我们定义一个字符串 fail 值定义为最大的 K 值 (0 ≤ K ≤ N − 1) 满足该字符串 K-前缀等于 K-后缀
fail 数组表示一个字符串所有前缀的 fail 值组成的数组
如：
abcabc 0,0,0,1,2,3
aaaaaa 0,1,2,3,4,5
假设已经求出 fail[1..t-1]，现在要求 fail[t]
现在考虑 t = 5 的情况，设 fail[t-1]=p
ababa
由于 fail[4]=2
ababa
ababa
绿色部分同时向后一位得
ababa
ababa
求出了 fail[5]

void init(int m)//s2表示需要匹配的串，m表示s2的长度
{
	fail[1] = 0;
	for (int i = 2; i <= m; i++)
	{
		int p = fail[i - 1];
		while (p && s2[i] != s2[p + 1])
			p = fail[p];
		if (s2[i] == s2[p+1])
			p++;
		fail[i] = p;
	}
}

KMP：

void _kmp(int n, int m)
{
	int p = 0;
	for (int i = 1; i <= n; i++)
	{
		while (p && s1[i] != s2[p + 1])
			p = fail[p];
		if (s1[i] == s2[p + 1])
			p++;
		if (p == m)
		{
			printf("%d\n", i - p + 1);
			p = fail[p];
		}
	}
}

KMP模板：

#include<iostream>
#include<cstdio>
#include<cstring>
#include<algorithm>
using namespace std;
int fail[233333];
char s2[2333333];
char s1[2333333];
void init(int m)
{
	fail[1] = 0;
	for (int i = 2; i <= m; i++)
	{
		int p = fail[i - 1];
		while (p && s2[i] != s2[p + 1])
			p = fail[p];
		if (s2[i] == s2[p+1])
			p++;
		fail[i] = p;
	}
}
void _kmp(int n, int m)
{
	int p = 0;
	for (int i = 1; i <= n; i++)
	{
		while (p && s1[i] != s2[p + 1])
			p = fail[p];
		if (s1[i] == s2[p + 1])
			p++;
		if (p == m)
		{
			printf("%d\n", i - p + 1);
			p = fail[p];
		}
	}
}
int main()
{
	scanf("%s", s1+1);
	scanf("%s", s2+1);
	int n = strlen(s1+1);
	int m = strlen(s2+1);
	init(m);
	_kmp(n, m);
	return 0;
}

接下来看一道模板题： POJ 3461

Oulipo

Time Limit: 1000MS		Memory Limit: 65536K
Total Submissions: 37059		Accepted: 14964

Description

The French author Georges Perec (1936–1982) once wrote a book, La disparition, without the letter 'e'. He was a member of the Oulipo group.
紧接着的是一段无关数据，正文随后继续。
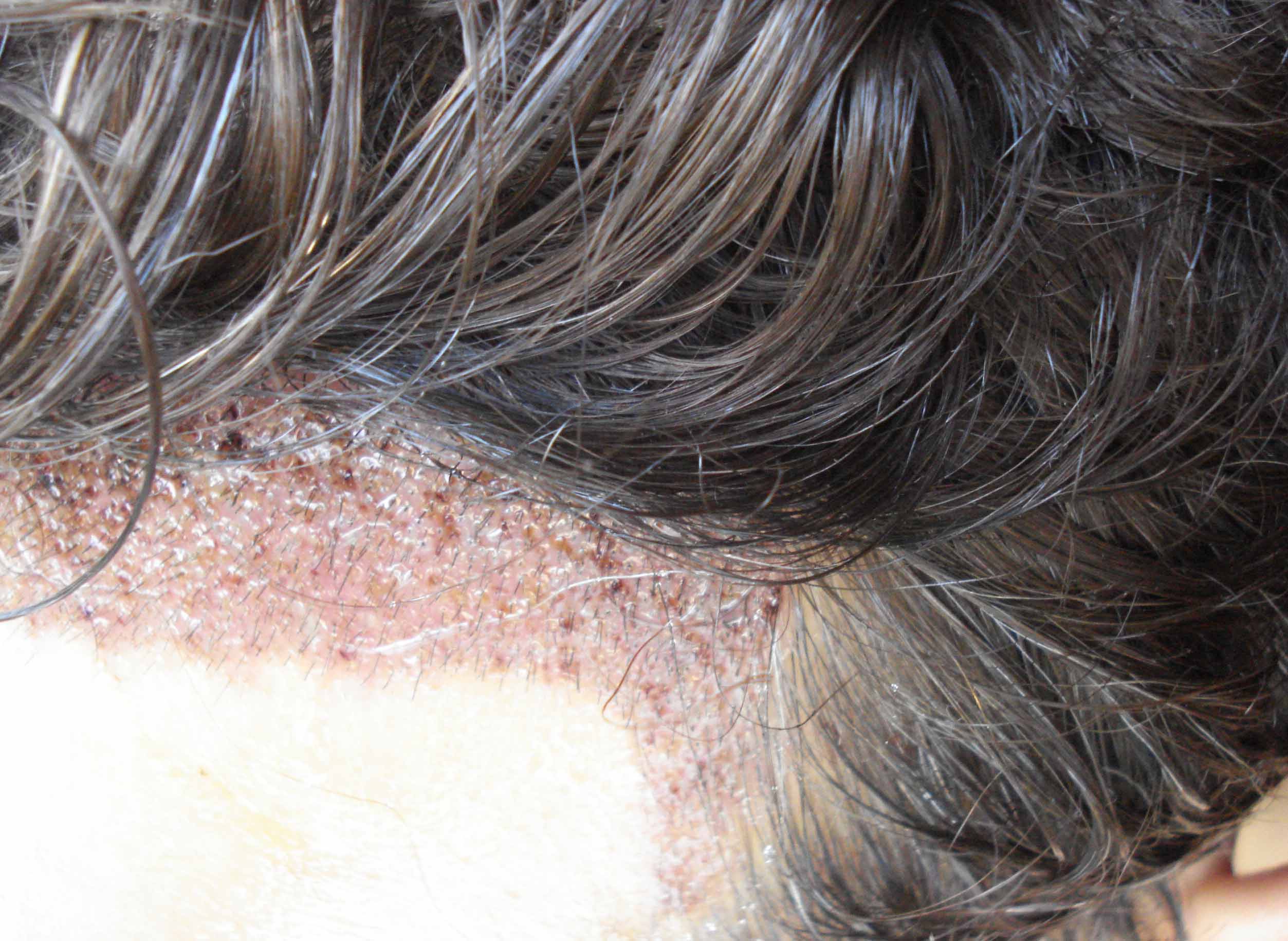 Bei dieser OP wurden aufgrund der höheren Dichte viel mehr Hautverletzungen produziert als bei OP 1 - d.h. es ist potentiell mehr "Angriffsfläche" für das Propylenglykol (der Stoff in Regaine, der hauptsächlich die Hautreizungen verursacht)da.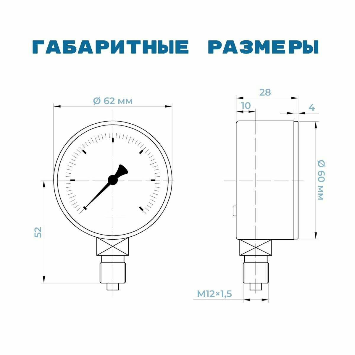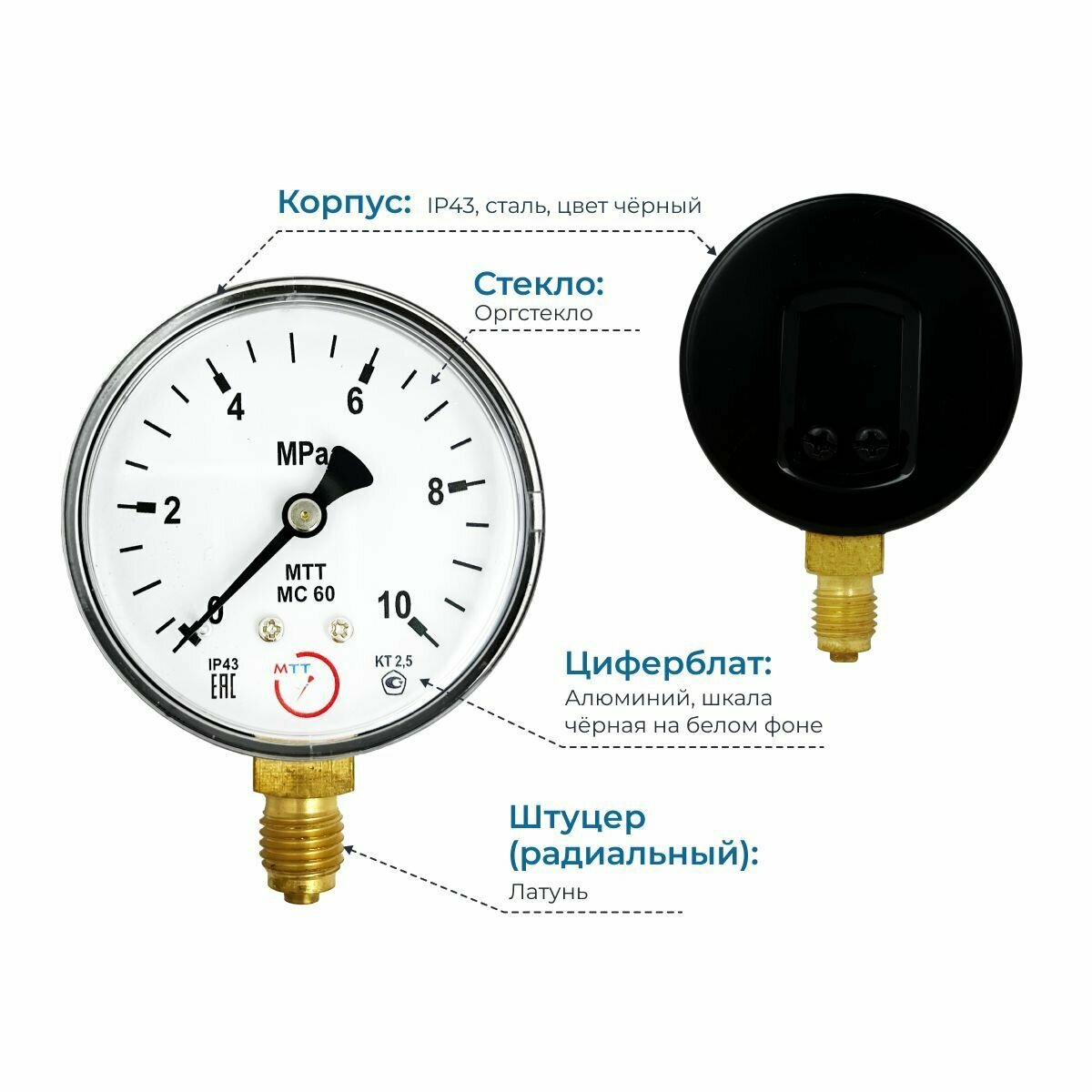Манометр МС60 давление 0-10 МПа (100 бар) резьба М12х1.5 класс точности 2,5 корпус 62 мм. поверка 2 года информация: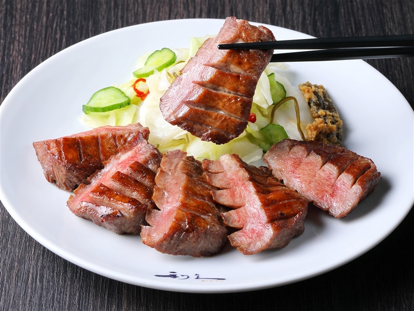 牛たん専門店【牛たん炭焼利久】の店舗でご提供している厚切り牛たん極。たん元に近い部位を職人が厳選し一枚一枚丁寧に仕込み、定番の牛たんよりも厚切りに。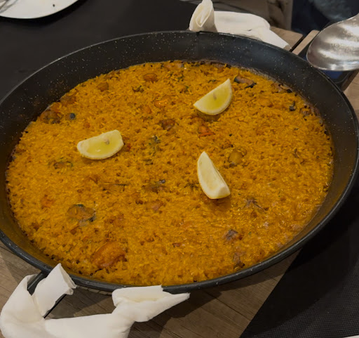 Came here with expectations, probably this was the base of the issue. It took several minutes for the waiter to hand us the menu – although other people came after us and they got welcomed and seated. We did not even get the menus when those people were already sipping their dirnks and eating their Paella. At some point we received the menus, but spend other 7-8 minutes waiting for the waiter to take our order. Finally, after maybe 10-13 minutes, our paella came (we did not mind waiting for the food, we minded waiting for the waiter to treat us like customers). He basically threw the hot Paella pan onto the side of the table and left without even saying “enjoy” – like a decent waiter would do. I think the rating is inaccurate. It is also confusing because El Paeller and La Terazza share the same terrace - you receive two menus, so it is basically the same service but different locations (weird). Anyway, wish I ordered a pizza. At least it would not have been that disappointing. Their Paella is not incredible. Addionally, THEIR FORCE YOU TO ORDER FOR TWO PEOPLE (16.5€ each - Verduras), BUT THE PORTION IS QUITE SMALL IF YOU ARE HUNGRY. Do not get scammed. You basically pay for one portion, but end up paying somewhere over 30€ - it is not worth it, trust me. I do believe you can find better deals for Paella in Valencia.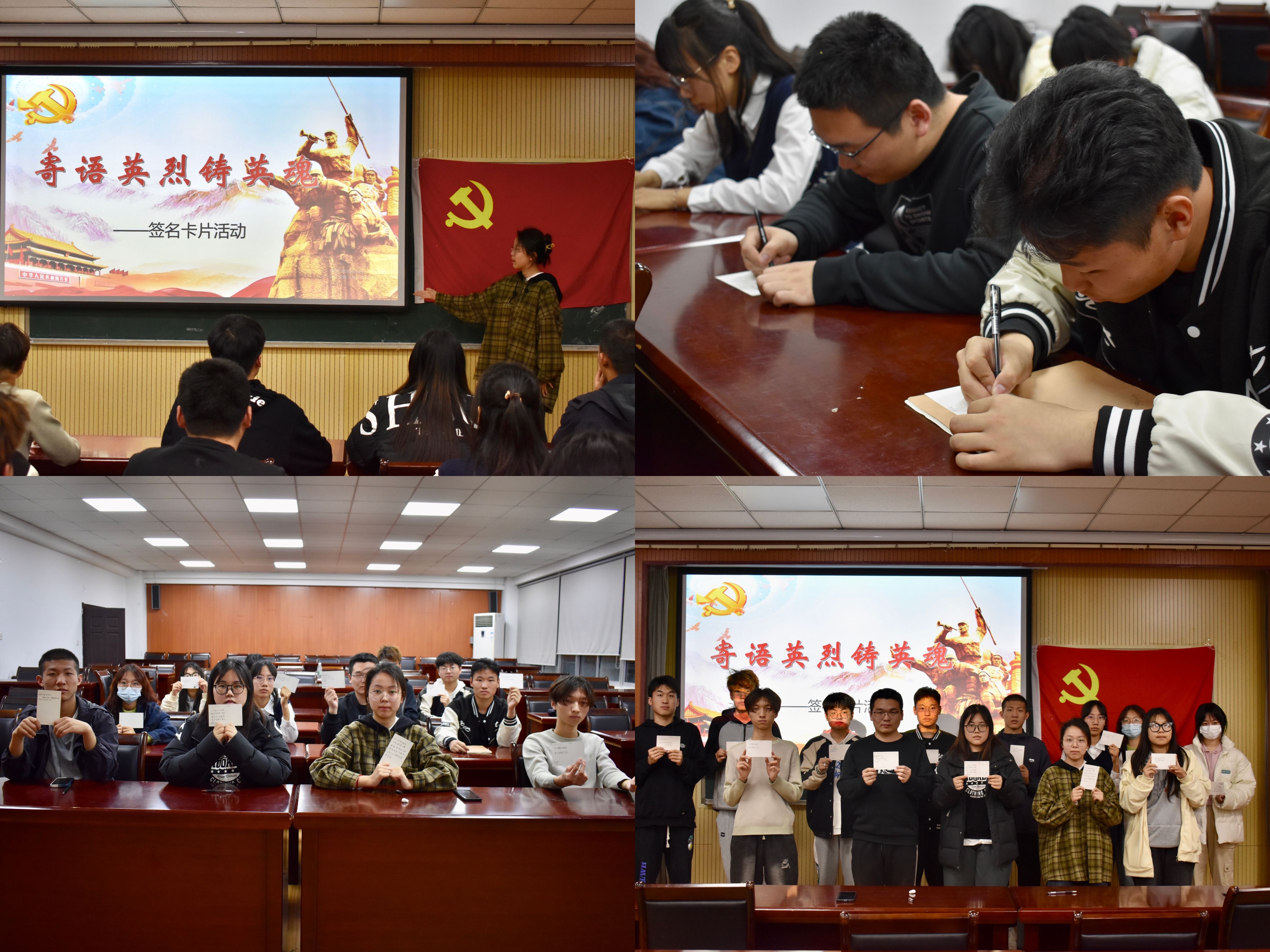 组织开展“重温不朽荣光 回望英雄征程”主题宣讲学习会,通过学党史、读事迹、品精神,深入感悟先烈革命事迹。活动过程中,在座全体同学重温入党誓词与入团誓词,在鲜红的旗帜下庄严宣誓,洪亮铿锵的声音与豪迈有力的誓言饱含了大家致敬先烈、学思党史、传承英雄精神的坚定决心。大家纷纷表示,全体同学定将牢记先辈嘱托,继承英烈遗志,赓续红色血脉,把这份爱国热情转化为努力奋斗踏实学习的自觉,继续把无数先烈开创的伟大事业推向前进。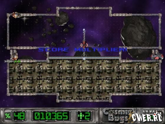 Игра, похожая на увлекательные классические игры Jezzball и Qix. Но это сходство невелико, ведь в Cosmic Bugs у каждого уровня своя форма, графика отрисовывается в 3D, звук записан в цифровом формате, и к тому же добавлены новые противники и множество бонусов.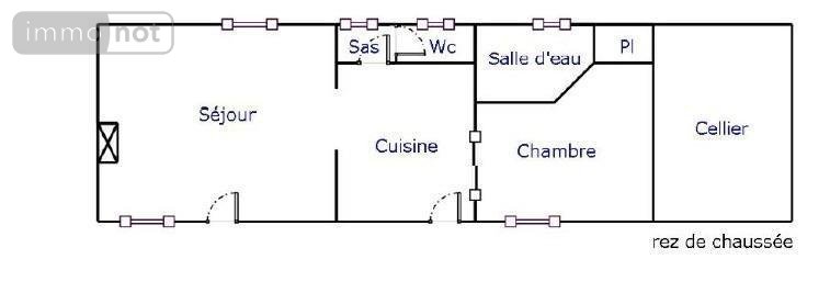 / au rdc: salon/ séjour avec cheminée insert, cuisine aménagée (meuble bas, évier 2 bacs), wc, lave- mains, chambre avec placard, salle de douche (lavabo, douche).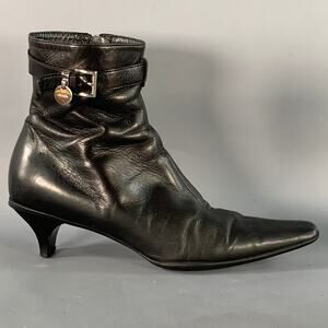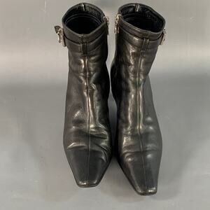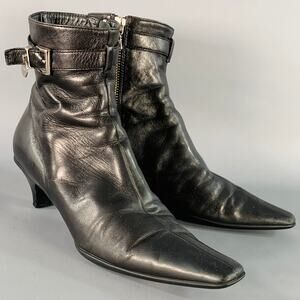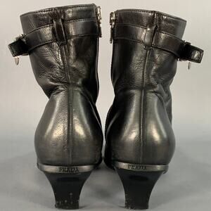 PRADA Size 7 Black Leather Kitten Heel Side Zipper Belted Ankle Boots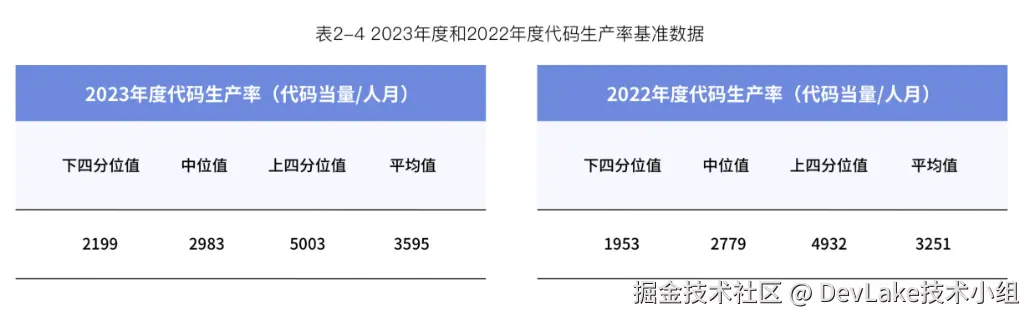 - 代码生产率: 受访企业研发团队2023年的代码生产率相较于2022年稳中有升,中位值上升7.3%,平均值上升10.6% 。代码生产率受多种因素的综合影响,企业研发团队应从流程体系、工具平台、系统架构等多角度审视,找到可行动的改进项,快速实践并通过数据获得反馈。

A quote from the book:

Tout avait Pair normal, mais tout s’affirmait faux. Tout avait Fair normal, d’abord, puis surgissait l’inhumain, l’affolant. Il aurait voulu savoir où s’articulait l’association qui l’unissait au roman : stir son tapis, assaillant à tout instant son imagination, l’intuition d’un tabou, la vision d’un mal obscur, d’un quoi vacant, d’un non-dit : la vision, l’avision d’un oubli commandant tout, où s’abolissait la raison : tout avait l’air normal mais…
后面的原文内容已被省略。